Knowing the implementation, are all undefined behaviours become implementation-defined behaviours?

M

Michael Tsang

-----BEGIN PGP SIGNED MESSAGE-----
Hash: SHA1

Deferencing a NULL pointer is undefined behaviour, but, on Linux, the
program crashes with SIGSEGV. So, the behaviour of derefencing a NULL
pointer is defined to "crash the program with SIGSEGV".

Signed integer overflow is undefined behaviour, but, on x86 CPUs, the number
simply wrap around so we can say that the behaviour is defined to round on
x86 CPUs.
-----BEGIN PGP SIGNATURE-----
Version: GnuPG v1.4.9 (GNU/Linux)

iEYEARECAAYFAkt3kjsACgkQm4klUUKw07D7QwCfQH0jkVFEDAQMi9+t31JiQ449
4QMAn2M+QxWW3yf4WShHgmWjBCluBvun
=e8V1
-----END PGP SIGNATURE-----
 
A

Alf P. Steinbach

* Michael Tsang:
-----BEGIN PGP SIGNED MESSAGE-----
Hash: SHA1

Deferencing a NULL pointer is undefined behaviour, but, on Linux, the
program crashes with SIGSEGV. So, the behaviour of derefencing a NULL
pointer is defined to "crash the program with SIGSEGV".

Signed integer overflow is undefined behaviour, but, on x86 CPUs, the number
simply wrap around so we can say that the behaviour is defined to round on
x86 CPUs.
-----BEGIN PGP SIGNATURE-----
Version: GnuPG v1.4.9 (GNU/Linux)

iEYEARECAAYFAkt3kjsACgkQm4klUUKw07D7QwCfQH0jkVFEDAQMi9+t31JiQ449
4QMAn2M+QxWW3yf4WShHgmWjBCluBvun
=e8V1
-----END PGP SIGNATURE-----

Your question, from the subject line, is

"Knowing the implementation, are all undefined behaviours become
implementation-defined behaviours?"

And it's cross-posted to [comp.lang.c] and [comp.lang.c++].

At least for C++ the answer is a definite maybe: theoretically it depends on the
implementation.

In practice the answer is a more clear "no", because it's practically impossible
for an implementation to clearly define all behaviors, in particular pointer
operations and use of external libraries.



Cheers & hth.,

- Alf
 
S

Seebs

Deferencing a NULL pointer is undefined behaviour, but, on Linux, the
program crashes with SIGSEGV. So, the behaviour of derefencing a NULL
pointer is defined to "crash the program with SIGSEGV".

Not necessarily.
Signed integer overflow is undefined behaviour, but, on x86 CPUs, the number
simply wrap around so we can say that the behaviour is defined to round on
x86 CPUs.

That's not rounding, that's wrapping.

But no, it's not the case. These are not necessarily *defined* -- they may
merely be typical side-effects that are not guaranteed or supported.

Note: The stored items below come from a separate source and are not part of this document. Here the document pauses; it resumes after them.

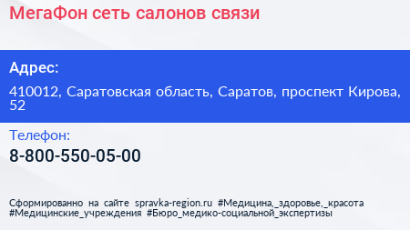 МегаФон, сеть салонов связи по адресу 410012, Саратовская область, Саратов, проспект Кирова, 52 в дальнейшем Организация, размещена в следующих категориях:
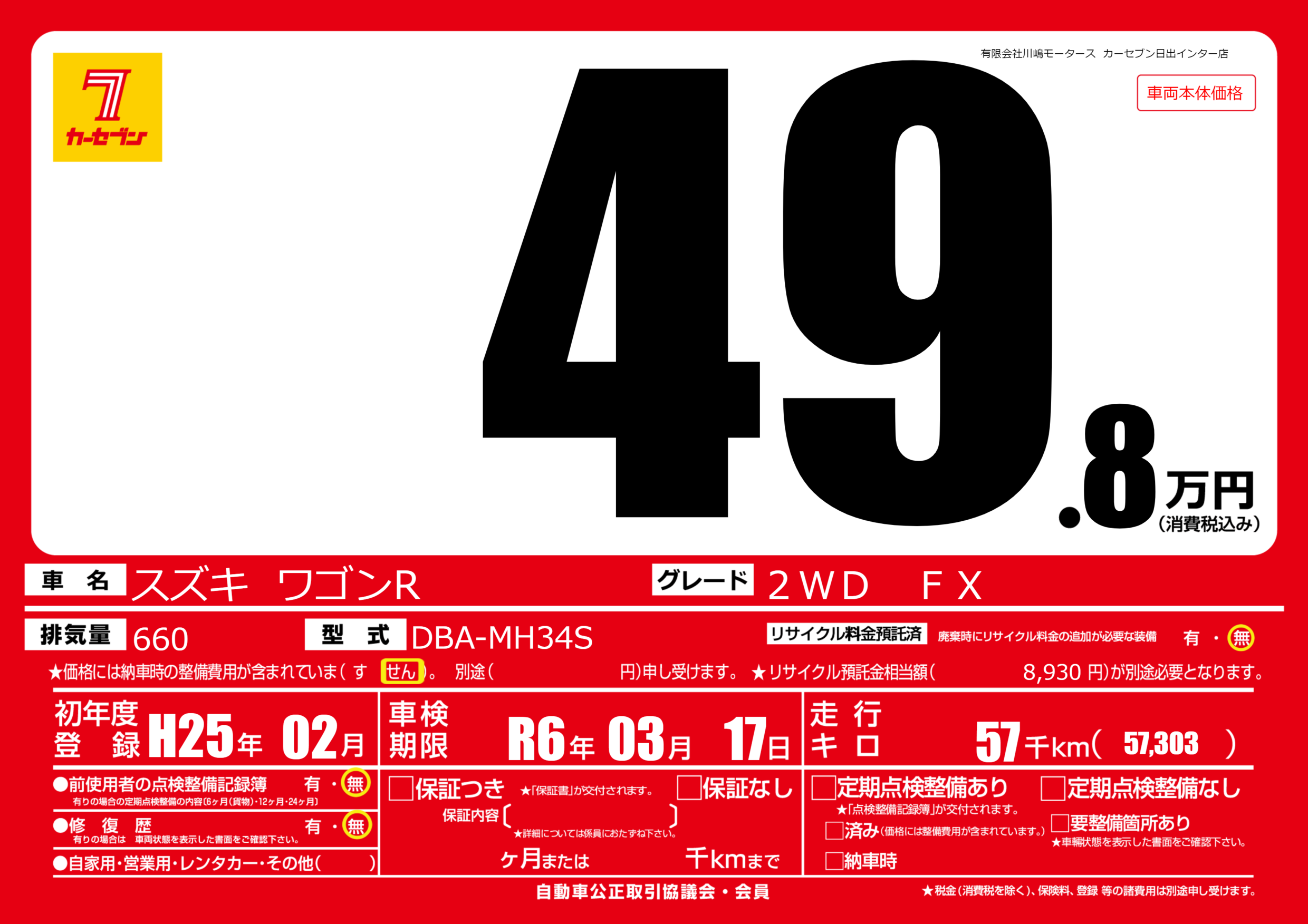 | 車検制限 | R6年 03月 17日 | ||
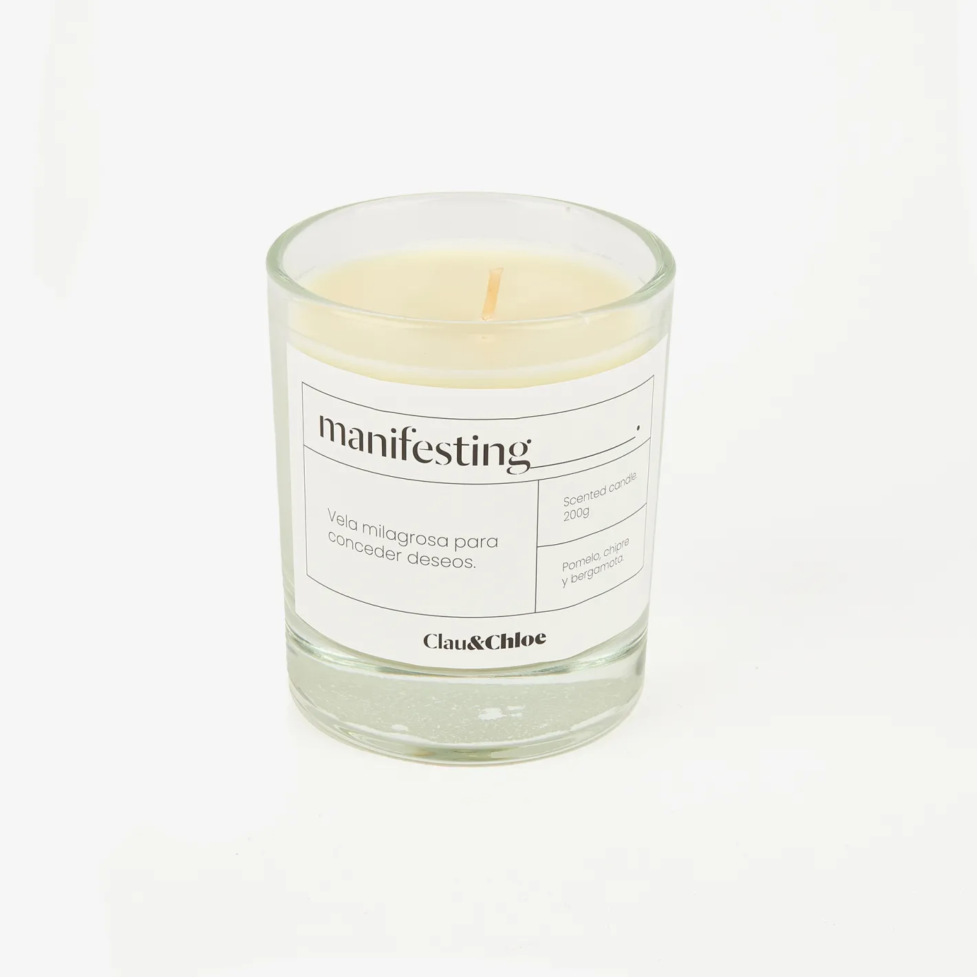 Crea un ambiente inspirador y lleno de energía positiva con la vela aromática Manifesting de Clau&Chloe, ideal para acompañar momentos de meditación o reflexión.

Modern gcc can do some VERY strange things if you write code which might
dereference a null pointer. (For instance, loops which check whether a
pointer is null may have the test removed because, if it were null, it
would have invoked undefined behavior to dereference it...)

-s
 
M

Malcolm McLean

"Undefined behaviour" doesn't mean "exists in some metaphysical state
of indefiniteness" but "the C standard imposes no requirements on the
program's behaviour (and therefore the program is incorrect)". There
was a huge thread about this a few years back on gets.

So typically derefencing null will have the same effect each time any
particular program is run, probably the same effect on any particular
platform. Derefencing a wild pointer may have different effects,
particularly on a multi-taskign machine where exact pointer vlaues
vary from runto run.
 
R

Robert Fendt

dereference a null pointer. (For instance, loops which check whether a
pointer is null may have the test removed because, if it were null, it
would have invoked undefined behavior to dereference it...)

Sorry to interrupt, but since when is checking a pointer value
for 0 the same as deferencing it? Checking a pointer treats the
pointer itself as a value, and comparison against 0 is one of
the few things that are _guaranteed_ to work with a pointer
value. So if GCC really would remove a check of the form

if(!pointer)
do_something(*pointer);

or even

if(pointer == 0)
throw NullPointerException;

then GCC would be very much in violation of the standard. And
produce absolutely useless code, as well. What's the point of
having pointers in a language if you wouldn't even be able to
perform basic operations on them?

Regards,
Robert
 
A

Alf P. Steinbach

* Richard Heathfield:
Thread's subject line: Knowing the implementation, are all undefined
behaviours become implementation-defined behaviours?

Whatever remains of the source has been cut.